University of Wisconsin-Green Bay anatomy and physiology students traveled 4,500 miles this summer to the Plastinarium in Guben, Germany for a chance to work with a preservation technique called plastination.

The students and tour leaders, Human Biology Prof. Amanda Nelson and Associate Dean Donna Ritch, worked side-by-side with German anatomist Dr. Gunther von Hagens, who discovered the process now made famous by controversial Body Worlds international touring exhibits.

The dissection and anatomical study of preserved corpses is clearly of value to medical science and education.

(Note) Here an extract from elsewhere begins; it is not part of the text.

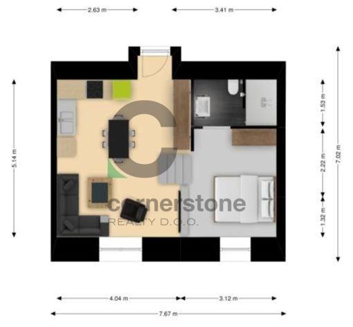 Zagreb, Centar – stan od 50 m2, koji se nalazi u razizemlju zgrade. Sastoji se od open space dnevnog boravka s blagovaonicom i kuhinjom, spavaće sobe, kupaonice s tuš kabinom i toaletom. Cijeli je stan u potpunosti adaptiran 2022., namješten je i kao takav je na prodaju. Grijanje je centralno etažno plinsko (Google Nest), stan je opremljen i klima uređajem (svi su aparati s garancijama, od prošle godine), protuprovalna vrata imaju mogućnost ‘pametnog’ otključavanja (putem aplikacije). Visina stropova od 3,4 metra pruža stanaru dodatan osjećaj prostranosti. Stanu pripadaju i dvije ostave, od kojih je jedna vrlo lako iskoristiva za dodanu investiciju odnosno zaradu.

UW-Green Bay students — many of them with successful health science and medical careers in front of them — benefited from the trip. The course adds a unique perspective to an already rigorous program at UW-Green Bay designed to prepare undergraduates for graduate schools or health careers.

“As it becomes more and more competitive to gain entry into professional programs in the health sciences, students are looking for ways to enhance their resume,” Nelson said. “Immersing themselves in this intense, hands-on anatomy experience can highlight a student’s already impressive academic career and provide a great springboard for discussion during an interview.”

Ritch said the experience is unlike any other.

“The students that participated in this two-week travel course had an amazing, unique experience that they could not get anywhere else,” she said. “They worked in Dr. von Hagens’ laboratory and had the opportunity to meet and ask questions of him. Their free time allowed them to experience the German and Polish cultures.” Side trips took them to the site of an Auschwitz concentration camp and the Krakow Main Square — the largest medieval town square in Europe, which dates back to the 13th century.

UW-Green Bay student Emily Brown said the experience was so impactful, she didn’t want to return home.

“Participating in the workshops at the Plastinarium was an unforgettable experience,” she said. “I learned so much from the employees and exhibits and gained so much experience; I never wanted to leave!”